### Prompt
Copy the data that follows exactly. Include no pictures.

### Stored data
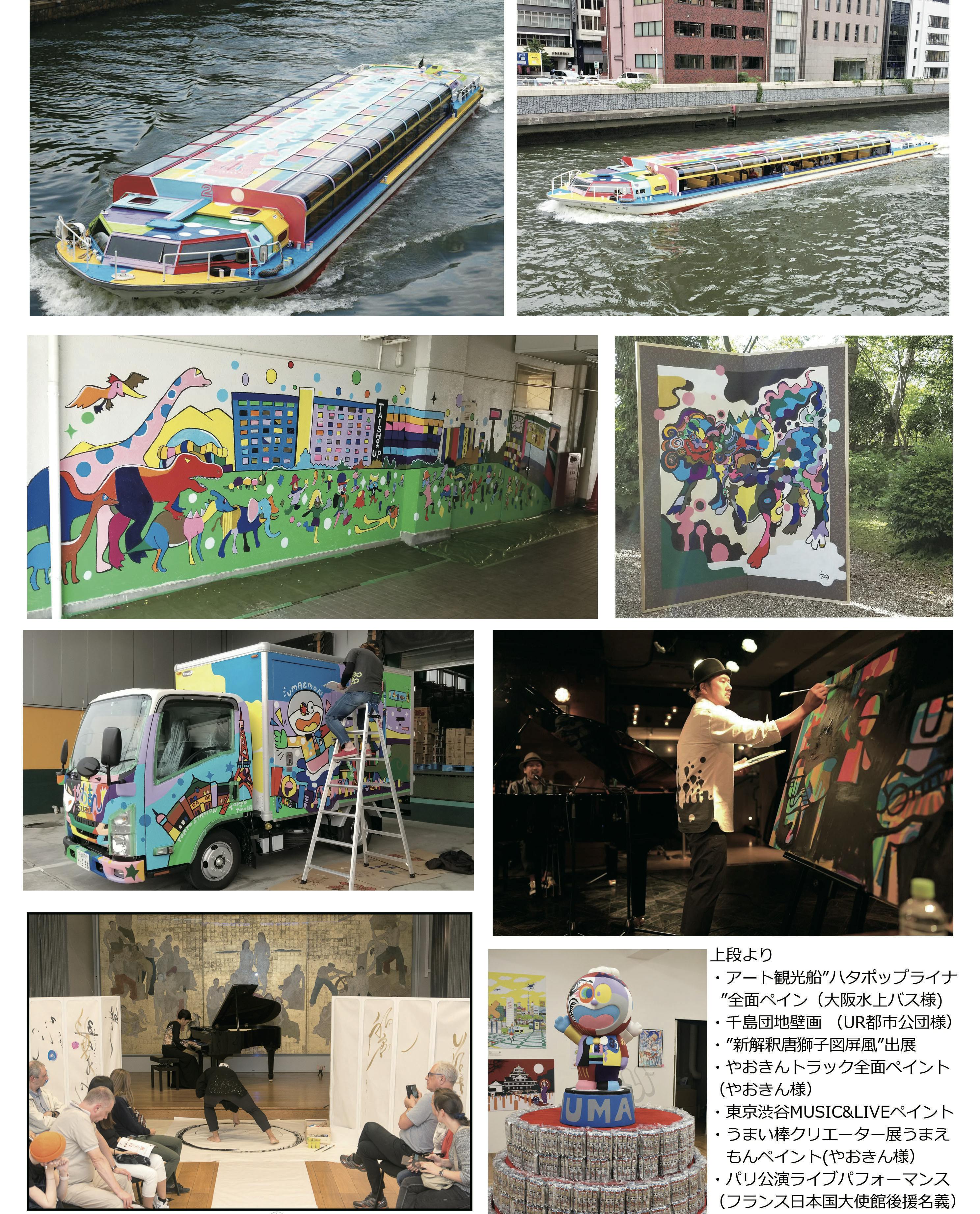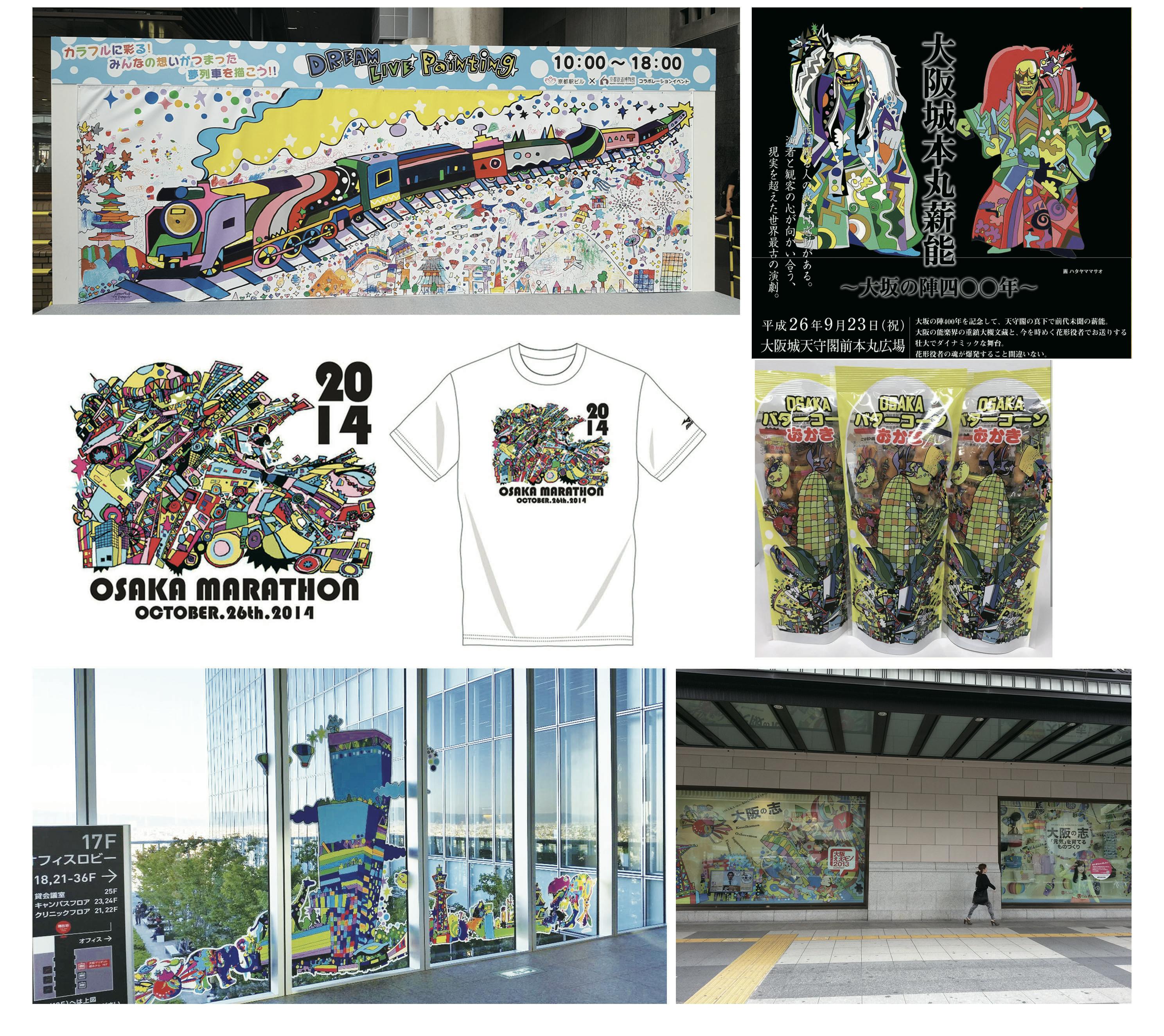 都市公団から依頼で壁画や大阪水上バスで日本初のアートな観光船「ハタポップライナー」の全面ペイント
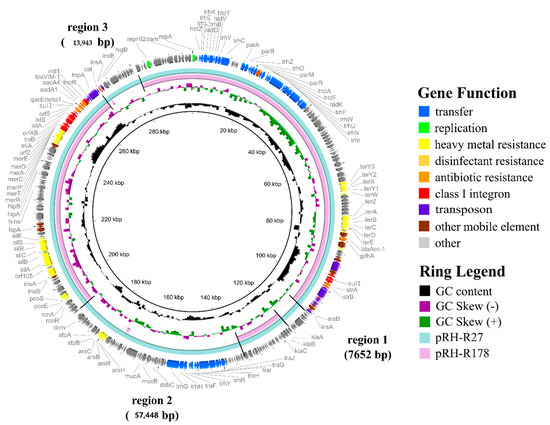 Comparative plasmid maps of pRH-R27 from Salmonella enterica and pRH-R178 from Escherichia coli. Deleted regions (1–3) are indicated on the map and pRH-R27 was used as reference. All sequences show >95% DNA sequence identity. Coloured regions represent functions and features indicated in the figure legend. The IncHI2 plasmid harbored by S. Infantis (pRH-R27) isolated from a livestock farm in Germany carries antibiotic resistance genes (blaVIM-1, aacA4, aadA1, sul1, blaACC-1, strA/strB, and catA1), disinfectant resistance (qacEΔ1) and heavy metal resistance (ter-, mer-, sil-, ars-, rcn-, and pco). The figure was reproduced with permission from [47].
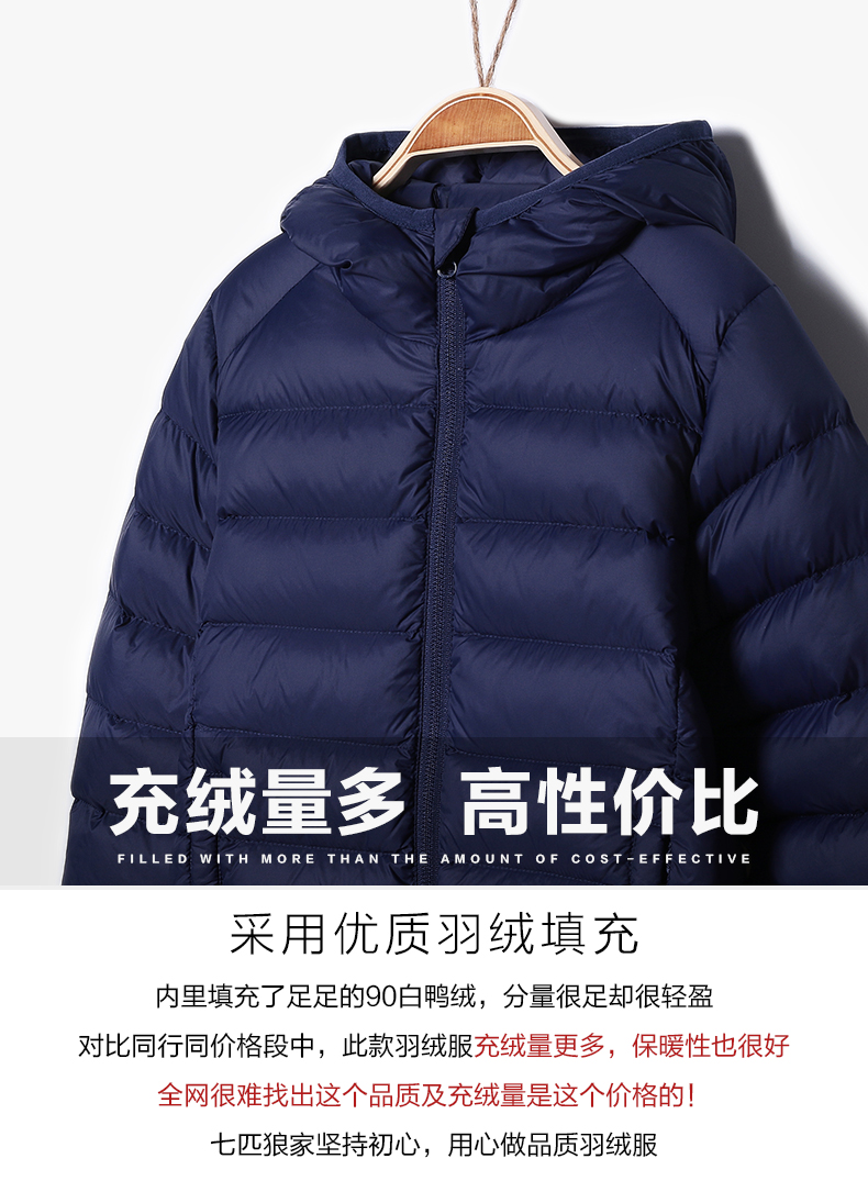 天猫七匹狼童装旗舰店239元,可领110元优惠券,实付129元到手,多款可选。这款七匹狼 儿童羽绒服,内里采用90%白鸭绒填充,蓬松度600+,清洁度1000+,均远高于国家标准,卫生健康。充绒量根据尺码的大小略有不同(49-91g),属于轻薄款,上身不压沉。
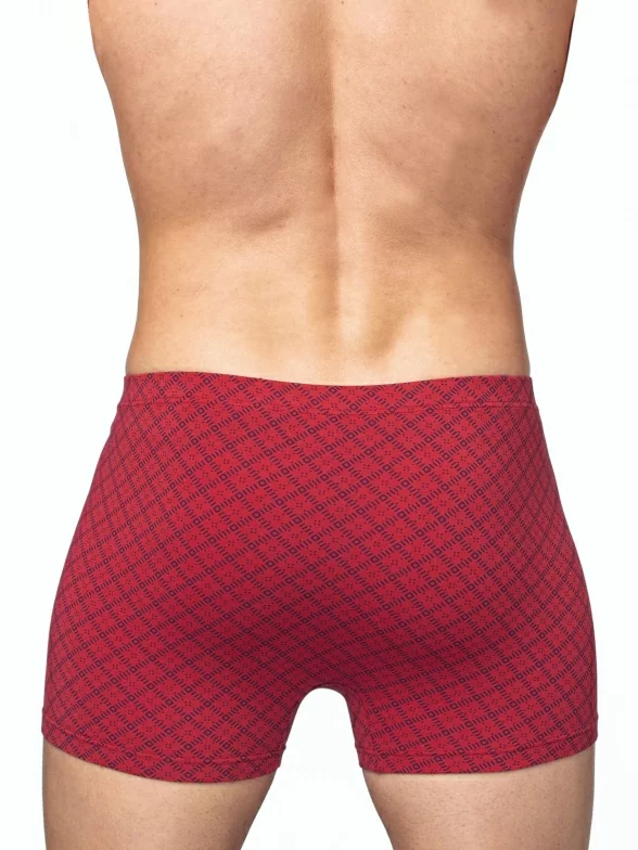 Модель стандартной посадки оформлена геометрическим похожим на клетку узором, имеет гладкие внутренние швы и вшитую эластичную резинку с логотипом бренда. Такие трусы полностью облегают тело и отлично подойдут для носки с узкими видами джинсов и штанов.

### Written response
 都市公団から依頼で壁画や大阪水上バスで日本初のアートな観光船「ハタポップライナー」の全面ペイント
 Comparative plasmid maps of pRH-R27 from Salmonella enterica and pRH-R178 from Escherichia coli. Deleted regions (1–3) are indicated on the map and pRH-R27 was used as reference. All sequences show >95% DNA sequence identity. Coloured regions represent functions and features indicated in the figure legend. The IncHI2 plasmid harbored by S. Infantis (pRH-R27) isolated from a livestock farm in Germany carries antibiotic resistance genes (blaVIM-1, aacA4, aadA1, sul1, blaACC-1, strA/strB, and catA1), disinfectant resistance (qacEΔ1) and heavy metal resistance (ter-, mer-, sil-, ars-, rcn-, and pco). The figure was reproduced with permission from [47].
 天猫七匹狼童装旗舰店239元,可领110元优惠券,实付129元到手,多款可选。这款七匹狼 儿童羽绒服,内里采用90%白鸭绒填充,蓬松度600+,清洁度1000+,均远高于国家标准,卫生健康。充绒量根据尺码的大小略有不同(49-91g),属于轻薄款,上身不压沉。
 Модель стандартной посадки оформлена геометрическим похожим на клетку узором, имеет гладкие внутренние швы и вшитую эластичную резинку с логотипом бренда. Такие трусы полностью облегают тело и отлично подойдут для носки с узкими видами джинсов и штанов.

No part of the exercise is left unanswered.